Michel Serres. La revanche d’Abel

Michel Serres, propos recueillis par Catherine Portevin publié le 6 min

Quand Caïn tue son frère, c’est l’agriculteur qui supplante le chasseur-cueilleur et inaugure une lutte sans merci ni fin. Alors Caïn, méchant de l’histoire ? Pas si simple, rétorque Michel Serres, qui relit le mythe en penseur nomade.

Le mythe de Caïn et Abel place-t-il selon vous la lutte nomade/sédentaire au cœur de l’humanité ?

Michel Serres : Au départ, l’histoire est simple : Abel, le berger, offre à Jéhovah des agneaux, son frère Caïn, le cultivateur, des fruits et des légumes issus de son travail de la terre. Jéhovah accepte les offrandes du premier mais pas celles du second, qui jalouse cette préférence. Cependant, oublions Dieu et parlons d’histoire : Caïn est né au Néolithique avec l’agriculture ; Abel, tout éleveur qu’il est, est demeuré chasseur-cueilleur, errant au gré des nécessités de sa subsistance. Abel est l’homme ancien, né au Paléolithique supérieur. Abel et Caïn rejouent en effet le conflit anthropologique entre le chasseur-cueilleur et l’agriculteur, le nomade et le sédentaire.

 

Conflit où l’un doit forcément tuer l’autre ?
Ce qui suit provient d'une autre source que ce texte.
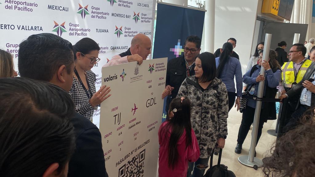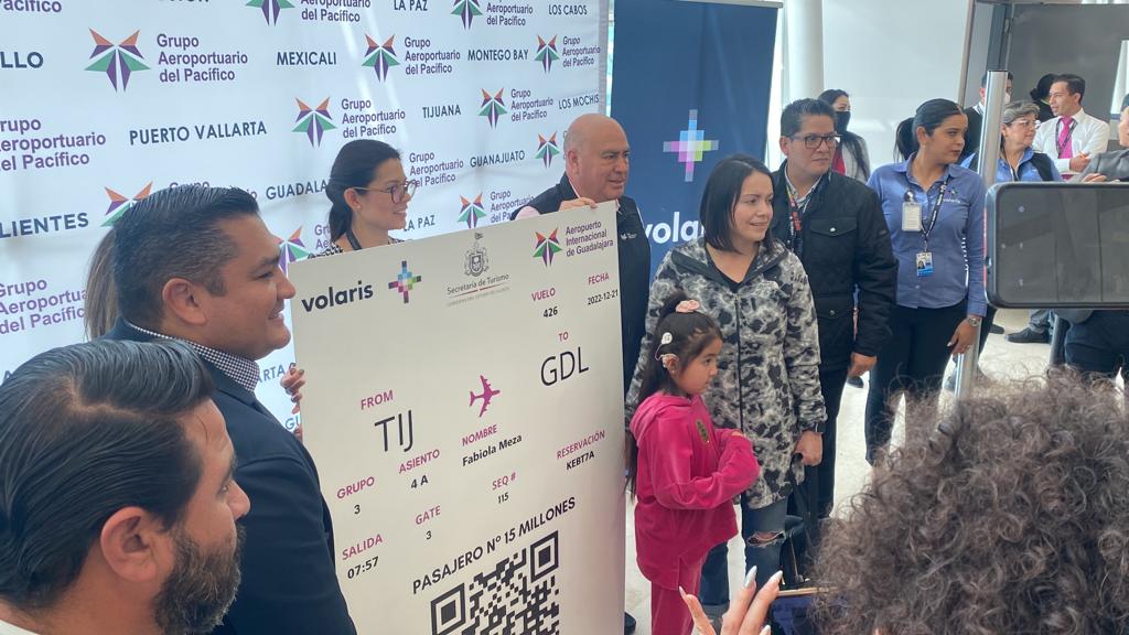 21 de Diciembre de 2022.- Fabiola Meza, usuaria de la aerolínea Volaris, procedente de Tijuana, se convirtió en la pasajera 15 millones, en el Aeropuerto Internacional de Guadalajara Miguel Hidalgo.
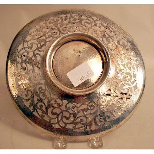 A GORHAM STERLING SILVER HAND HAMMERED HANDLED CIRCULAR TRAY<BR><BR>9-1/2"dia., weight apx. 11 T.O.
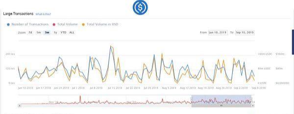 3)大多数稳定币没有用于大额交易,但 Tether 例外
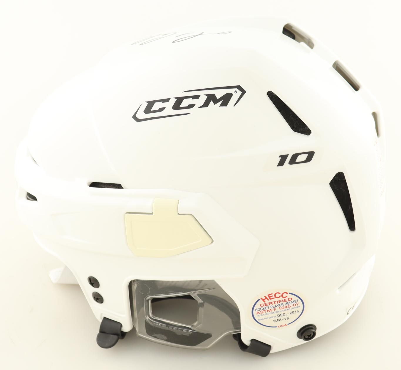 NHL full-sized white hockey helmet. Hand-signed by Mario Lemieux (Pittsburgh Penguins).

… Et l’autre se venger contre l’un, qui voudra à nouveau le tuer, etc. Le meurtre montre combien l’équilibre est difficile à trouver. Abel cherche l’herbe tendre pour ses bêtes, les fruits mûrs et le gibier pour se nourrir. Ses troupeaux traversent l’emblavure préparée à la sueur de son front par Caïn, forcé de vivre sédentaire pour semer ou récolter. Le premier qui, « ayant enclos un terrain, s’avisa de dire : Ceci est à moi » fut, non pas le fondateur de la société civile, comme l’écrit Rousseau, mais celui de l’agriculture. Poussé à ce geste par les nécessités de la culture, il déclencha la guerre. Caïn, c’était donc lui, ferme son lopin et le défend, bec et ongles, de toute incursion. Mais Abel, comme Rémus, défiant plus tard Romulus, saute la limite et trouve la mort au fond d’un sillon. La querelle est inéluctable… et sans fin.